実務上、競売の申立てや任意売却による配当が行われた時点から長期間(5年または10年以上)にわたって、一切の返済を行っておらず、かつ債務を承認するような言動をとっていないことが時効成立の絶対的な前提条件となります。

競売・任意売却後の残債務における実務上の注意点

住宅ローンの残債務に関する時効援用では、通常の消費者金融やクレジットカードの借金とは異なる、特有の法的事実や注意点が存在します。
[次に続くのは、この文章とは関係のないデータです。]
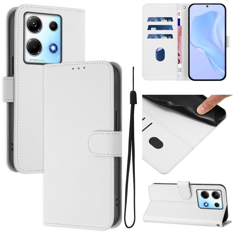 Funda de Cuero con Cordón para Teléfono Infinix Note 30 4G/5G con Tacto de Piel (Blanco)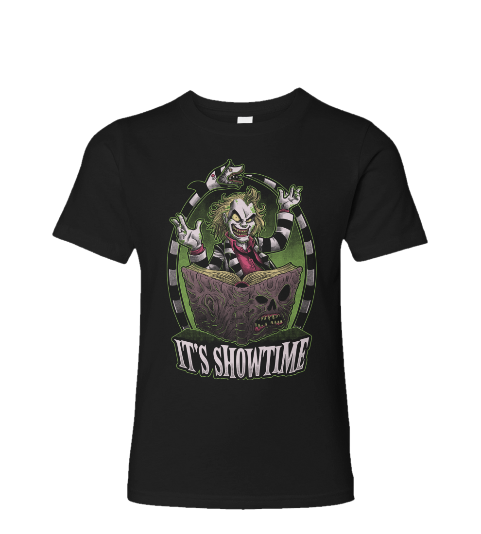 This cool and funny t-shirt is perfect for those who love TV shows, ghost stories, summoning demons, and classic vintage horror movies. Featuring a dead exorcist with the Necronomicon, the book of the dead, making a ritual with the quote "It's Showtime".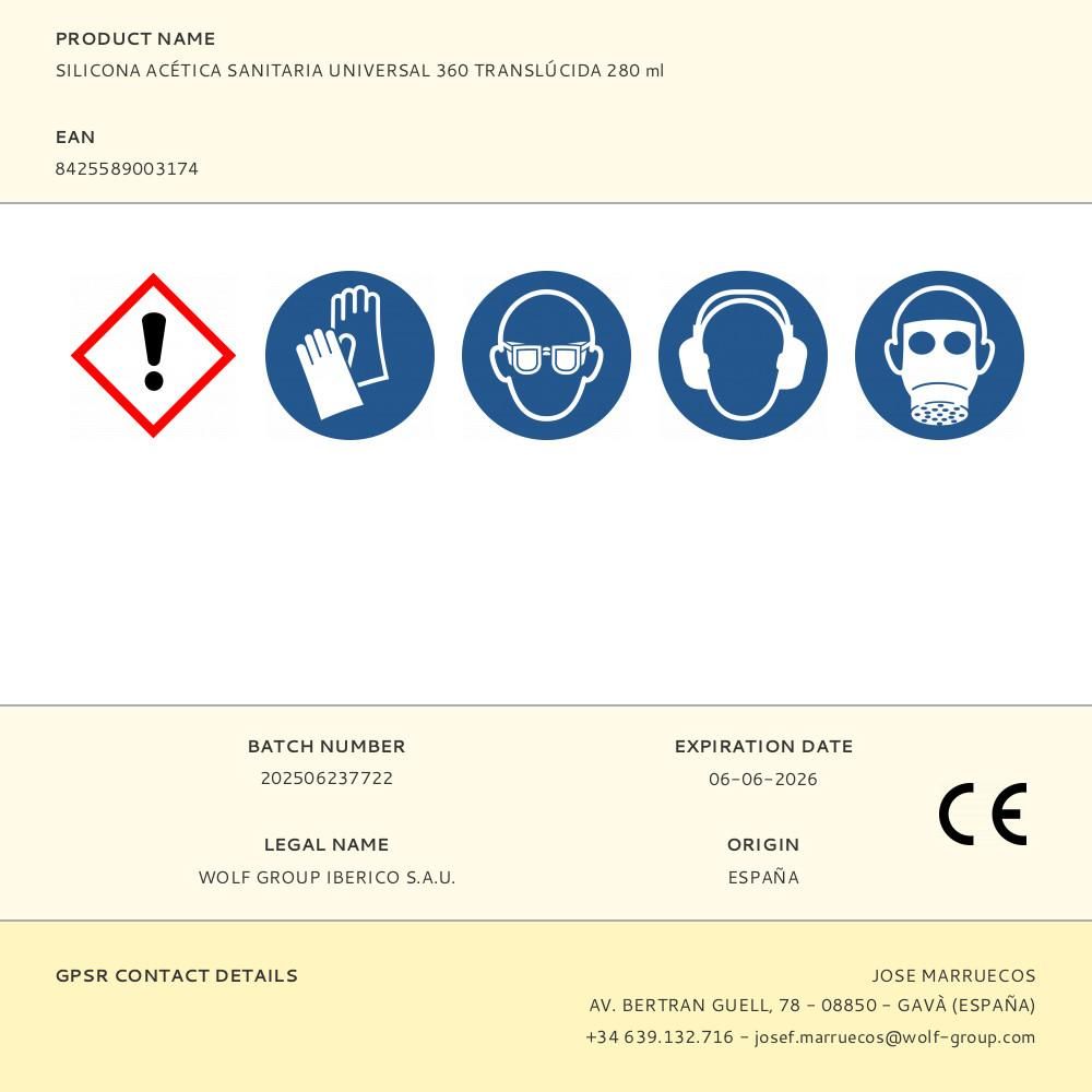 SILICONA ACÉTICA SANITARIA UNIVERSAL 360 TRANSLÚCIDA 280 ml, ANTIMOHO Y ELÁSTICA. PROTECCIÓN FUNGICIDA. GRAN RESISTENCIA A LA RADIACIÓN UVA, CAMBIOS DE TEMPERARTURA Y AL ENVEJECIMIENTO. CURADO RÁPIDO

  • 裁判上の請求(支払督促や訴訟)の有無: 住宅ローンの場合、金融機関や保証会社、あるいはサービサーは、競売の手続きとは別に、残債務の回収を目的として過去に裁判所を通じた法的手続(支払督促や貸金返還請求訴訟など)を行っているケースが非常に多く見られます。
  • 時効の更新(中断): 過去に裁判で判決や支払督促が確定している場合、そこからさらに10年間時効期間が延長されます。そのため、「最後の返済から10年以上経っている」と安易に判断しても、途中で裁判を起こされていた場合は時効が更新されているため、時効の援用が認められないことがあります。
  • 債務の承認による影響: サービサーから督促状が届いた際に、焦って電話をかけ、「少し待ってほしい」「分割なら払える」などと伝えてしまうと、債務を承認したとみなされ、時効がリセット(更新)されてしまうおそれがあります。

消滅時効援用の具体的な手順

消滅時効は、ただ時間が経過しただけでは自動的に成立しません。債務者側から債権者に対して、時効の権利を行使するという意思表示(時効の援用)を行う必要があります。
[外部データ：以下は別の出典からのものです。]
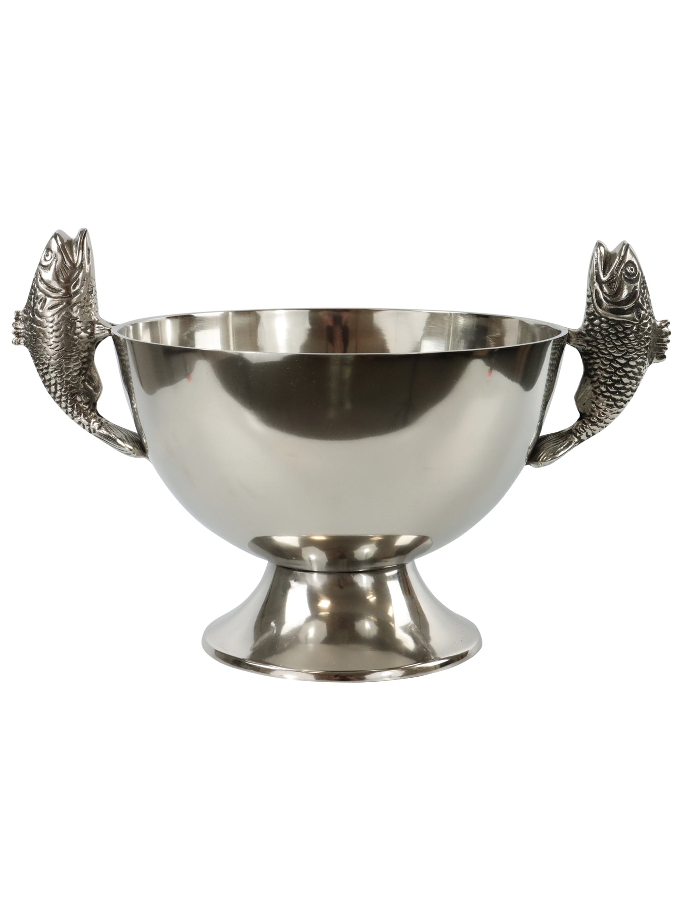 Dieser dekorative Pokal mit kunstvoll gearbeiteten Fischgriffen ist ein echter Blickfang und verleiht jedem Raum eine stilvolle und maritime Note. Die glänzende Oberfläche aus hochwertigem Aluminium sorgt für eine edle Ausstrahlung und reflektiert das Licht besonders schön. Durch seine imposante Größe eignet sich der Pokal ideal als Tischdekoration, für Sideboards oder als besonderes Highlight in Wohn und Essbereichen.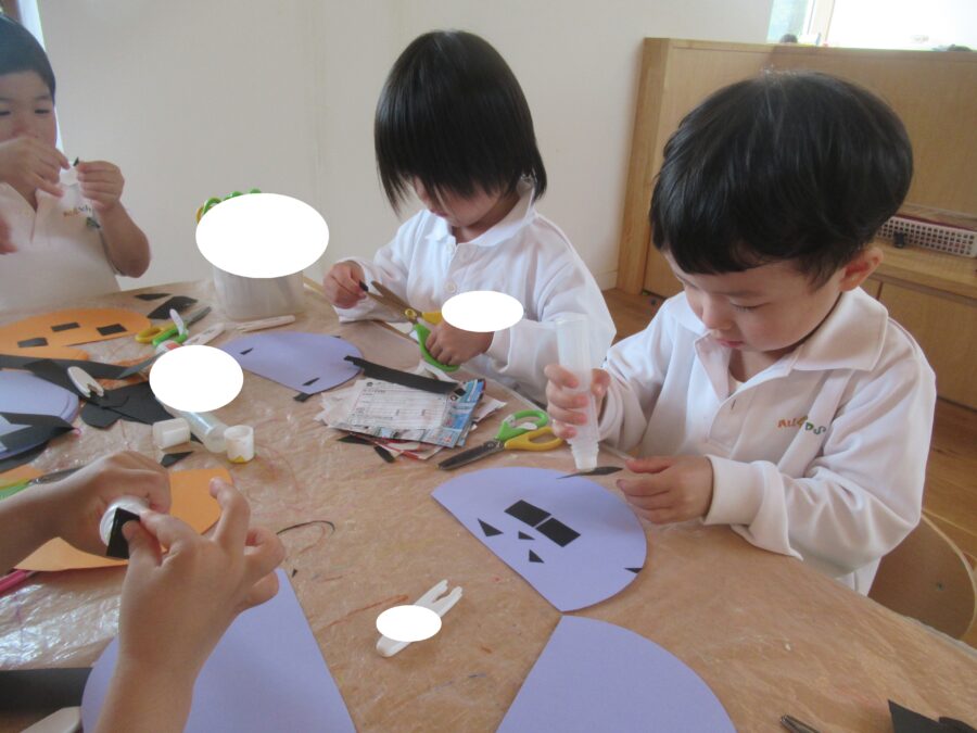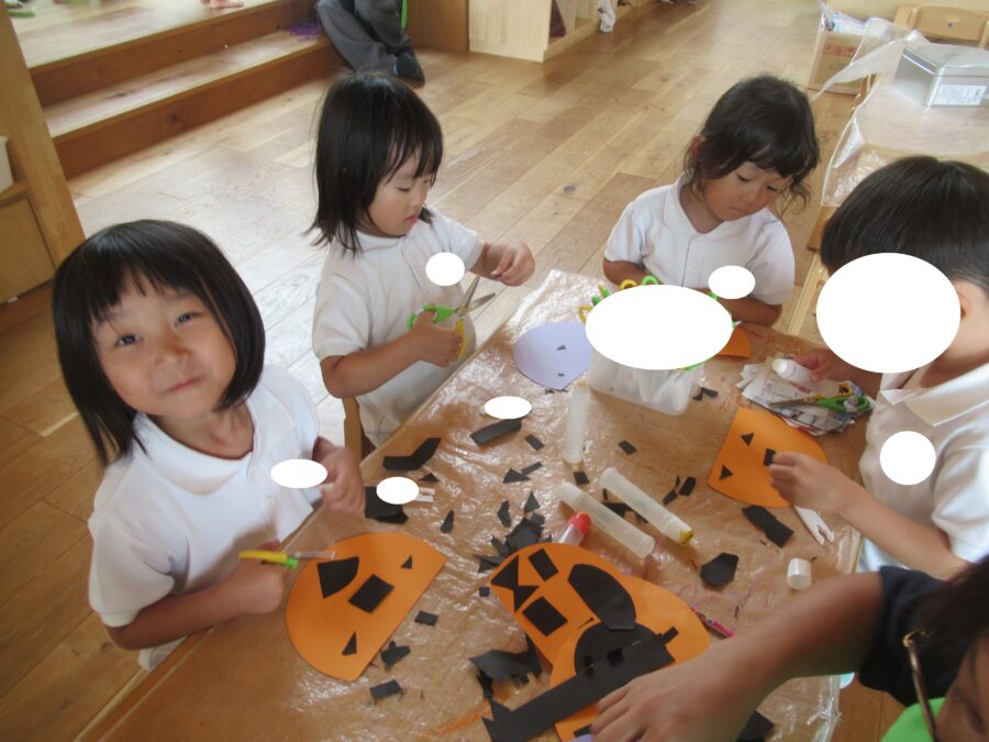 どきどきさんは「ぎざぎざにする!」「こわいめにする!」とイメージしながらはさみでチョキチョキ…!![]()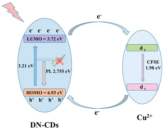 where ‘EOx’ and ‘ERed’ are the onset of oxidation and reduction potential of DN-CDs, respectively, and ‘Eg’ is the optical energy gap resulting from the UV-Vis adsorption. Additionally, the ‘ERed’ was −0.69 eV according to the CV plot (Figure S7). The ‘ELUMO’ was calculated to be −3.71 eV and ‘EHOMO’ was calculated to be −6.92 eV. Obviously, the band gap could overlap the crystal field stabilization energy of Cu2+ (1.98 eV) [64]. As illustrated in Figure 7, the excited electrons of the DN-CDs were prone to transfer to the d orbital of Cu2+ [65]. Thus, the fluorescence was suppressed and became a partially non-radiative progress.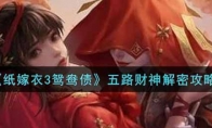 《纸嫁衣3鸳鸯债》游戏中第四章北斗七星很多玩家不知道怎么解谜,那么今天小编就给大家介绍一下纸嫁衣3鸳鸯债第四章北斗七星解谜攻略,有需要的小伙伴不要错过了。《纸嫁衣3鸳鸯债》第四章通关攻略手机打开,上面的北斗七星会亮,手机能看到雕像头顶顺序第四章通关流程1.月老手里盒子密码:以和为贵指的就是把那个窗子上的数加起来就行了。2.为什么要关闭2号开关?2号开关是照着元宝的,元宝是夜光的,只有关了灯才能找到元宝。3.大凶中吉怎么看?易什么的那个店书架有本书,点开那本书就是大凶之些了。4.香在哪里找?左边盒子里是香,右边盒子里还有别的,密码的提示都是那四个棺材,只是顺序不一样。以上就是关于《纸嫁衣3鸳鸯债》第四章北斗七星解谜攻略,咱们下期再见!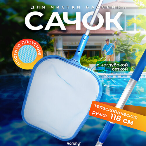 Сачок для бассейна с телескопической ручкой, не глубокий, со складной 5 секционной ручкой для чистки (уборки) листьев, насекомых, пуха с поверхности воды чана, купели. Vommy Classic

  1. 信用情報の確認や督促状の精査: まず手元に届いた督促状や通知書を確認し、いつの債権であるか、最後の返済日はいつ頃か、裁判を起こされた履歴はないかなどを確認します。必要に応じて個人信用情報機関に開示請求を行うことも有効です。
  2. 内容証明郵便の作成と発送: 消滅時効を援用する旨を記載した書面を、配達証明付き内容証明郵便で債権者(サービサーや金融機関)宛てに送付します。これにより、時効の意思表示が到達した法的な証拠を残すことができます。
  3. 時効成立の確認: 内容証明郵便が相手方に到達した後、相手方が時効を認めれば、それ以降の督促や差し押さえのリスクを法的に消滅させることができます。

まとめ

住宅金融支援機構や日本住宅ローン、サービサーからの長期間放置された住宅ローン残債の請求は、精神的にも大きな負担となります。しかし、法律で定められた一定の期間(原則として10年など)が経過しており、その間に裁判を起こされておらず、かつ債務の承認もしていなければ、時効の援用によって法的義務を解消することが可能です。

ご自身のケースで過去に裁判手続があったか不明確な場合や、うっかり債務を承認してしまわないか不安な場合は、内容証明郵便を発送する前に、専門的な法務知識を持つ専門家へ正確な法的判断を仰ぐことを強く推奨します。